A recent Gartner Group study estimated that US banks lost $1.2 billion last year through phishing attacks.  (If you have been on Mars and don’t know what this is - its where you get a fake email apparently from your bank that send you to a site where you are induced to enter your bank password). 

This is not new, the technique is called a Trojan Horse and it has been around as long as there have been computer hackers.  The difference is a business to business fraud has now reached the consumer market and the scale of the problem is frightening. 

I don’t think it is enough to rely on education.  New consumers are being born every day and the concept is sufficiently difficult that a high proportion will switch off when you try and explain it to them. 

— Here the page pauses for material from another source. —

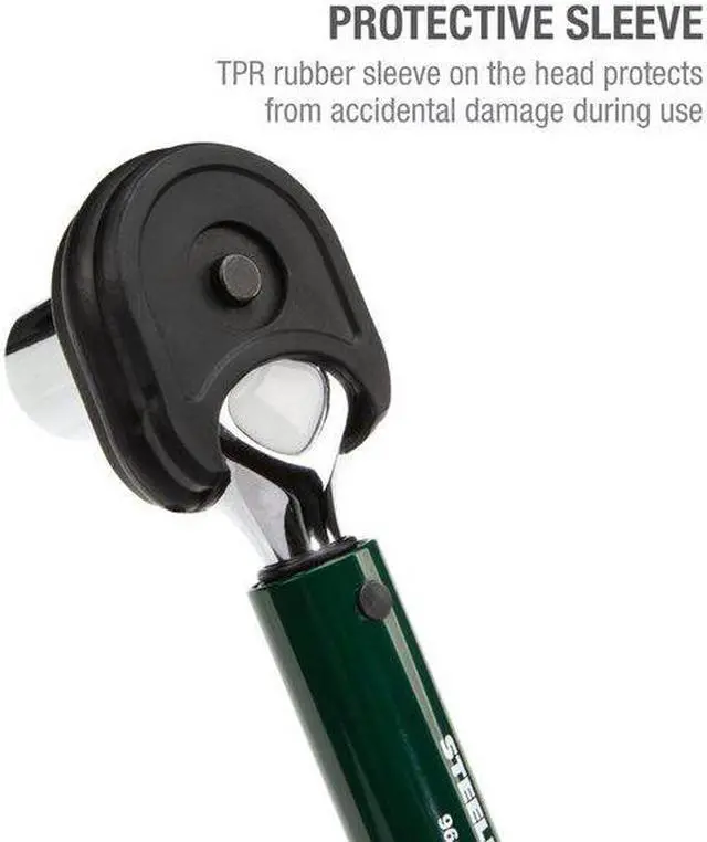 PRESET TORQUE - 1/2-Inch drive torque wrench is preset with a fixed torque of 80 ft-lb for efficient operationAUDIBLE AND TACTILE INDICATOR - Wrench emits a click that is easily felt and heard when reaching 80 ft-lb of torqueONE-DIRECTIONAL USE - Drive functions in one direction only, preventing damage from improper use as a breaker barCOLOR CODED - Shaft is powder-coated green for easy identification amidst similar looking toolsPROTECTIVE SLEEVE - TPR rubber sleeve on the ratchet head protects from accidental damage during useSTORAGE CASE - Included storage case protects the ratchet from damage that could cause a loss of calibration when not in useFACTORY CALIBRATED - All STEELMAN Torque wrenches come with a certificate of calibration and are ready to use right out of the box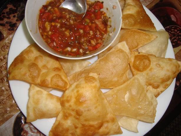 For Flour crackers, Just mix white flour with a little bit of oil and salt and keep kneding it until nice and hard, roll it to look like a shape of a round torilla bread. And cut it into 8 slices or 6 slices to make it look like a triangular pizza slice….and deep fry it until it’s crispy. These flour crackers can be stored in a container.

So security people are now turning to traditional remedies to a traditional problem.  The fact of the matter is that logins and passwords are no good if you really really want to be secure.  Changing your password every month, and making the password 8 characters of gobblydegook (as demanded by my bank now) won’t help.  In fact that sort of thing only means you can’t commit the password to memory and have to write it down which opens up another security hole. Which reminds me I wrote a very strong letter to my bank at the time to which they never replied.

Unfortunately one you get away from logins and passwords you enter the realm of hardware:

  • A gadget that gives you back a one-time password which you transcribe onto the bank login screen (Ughhhh!) - maybe driven by your chip and pin card.
  • A token - normally these days a small USB gadget, which you plug into your PC and which confirms you are you.
  • A smart card reader in your PC which you put your chip and pin card into - probably also USB these days. 

Once we enter this realm then we also have the possibility of using the chip and pin concept to validate any e-commerce transaction.  This will mean a massive re-write of a lot of e-commerce software but I can see it coming.

About a decade ago I rubbished the concept of SET.  The banks spent millions developing a concept whereby all e-commerce transactions were to be digitally signed using your credit card in a smart-card reader on your PC.  The whole thing was wildly impractical a bit like e-conveyancing now. It didn’t stand a chance.

But maybe I was wrong.  Maybe the SET concept was OK, just ten years too early.  Will I be wrong on e-conveyancing as well?  Unthinkable.

 
  • Phishing - whats to be done, textor, 19 Aug 09:20
    A recent Gartner Group study estimated that US banks lost $1.2 billion last year through phishing attacks.  (If you have been on Mars and don’t know what this is - its where you ge ...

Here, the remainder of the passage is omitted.